- **Assigned task**:
Write out a word-for-word repetition of the lines that come before the line containing "(Francisco Kjolseth |" in the listing below, along with that line itself, omitting pictures.
___ Task data
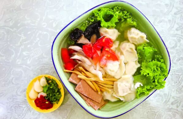 汤饺馅也颇有考究,配方不对外公开,而汤料中的生菜、木耳、西红柿、黄花等,五色搭配,不光是五颜六色,同时也做到了营养均衡。
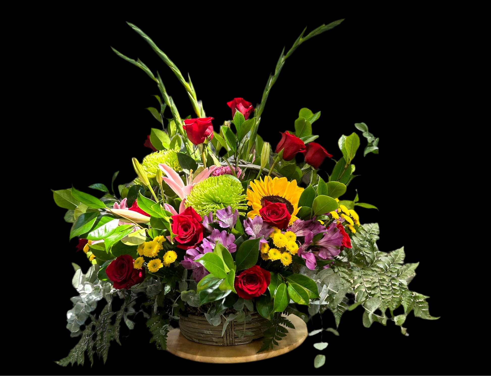 Sorprende a tus seres queridos con esta elegante y hermosa Cesta de Flores Elegance. ¡Haz tu pedido ahora y regala un detalle IMPRESIONANTE!
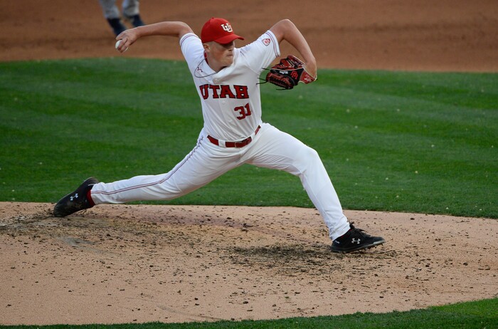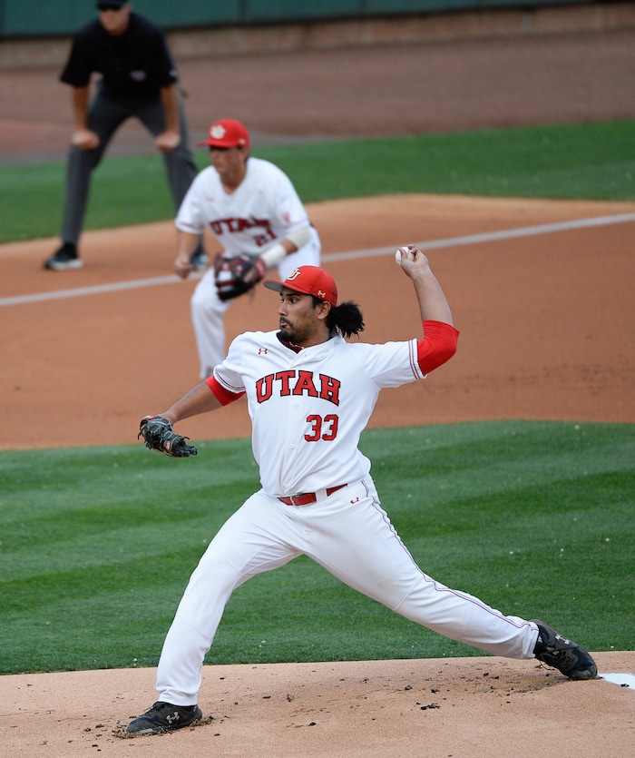 (Francisco Kjolseth | The Salt Lake Tribune) Isaac Deveaux gets a strike as Utah and BYU renew their rivalry on the baseball diamond as they battle it out at Smith's Ballpark in Salt Lake City on Tuesday, May 14, 2019.
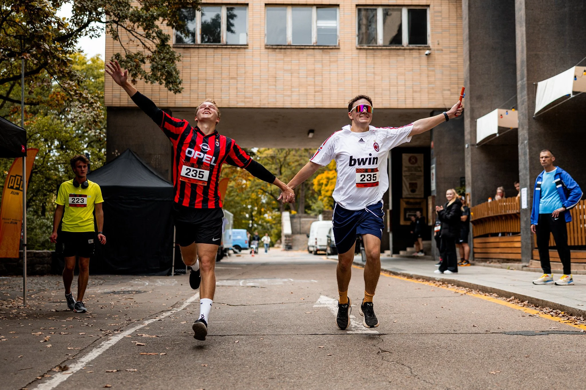 Týmový duch v srdci Prahy. Každý člen štafety bojuje za svůj tým na členitém 3km úseku (2x1,5km). Vzájemná podpora a adrenalin dělají z tohoto závodu nejatraktivnější část dne.
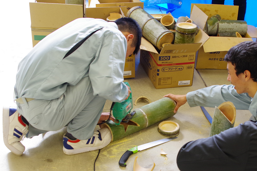 中にLEDの明かりを入れるための大事な作業です。竹をきちんと支え、長い金属の棒を使用して突いて中を壊していく、とても力のいる作業です。
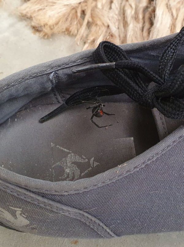 Подборка была бы неполной без фотографий о пауках. Автор фото просто оставил обувь на улице на одну ночь
______
- **Output of the exercise**:
 汤饺馅也颇有考究,配方不对外公开,而汤料中的生菜、木耳、西红柿、黄花等,五色搭配,不光是五颜六色,同时也做到了营养均衡。
 Sorprende a tus seres queridos con esta elegante y hermosa Cesta de Flores Elegance. ¡Haz tu pedido ahora y regala un detalle IMPRESIONANTE!
 (Francisco Kjolseth | The Salt Lake Tribune) Isaac Deveaux gets a strike as Utah and BYU renew their rivalry on the baseball diamond as they battle it out at Smith's Ballpark in Salt Lake City on Tuesday, May 14, 2019.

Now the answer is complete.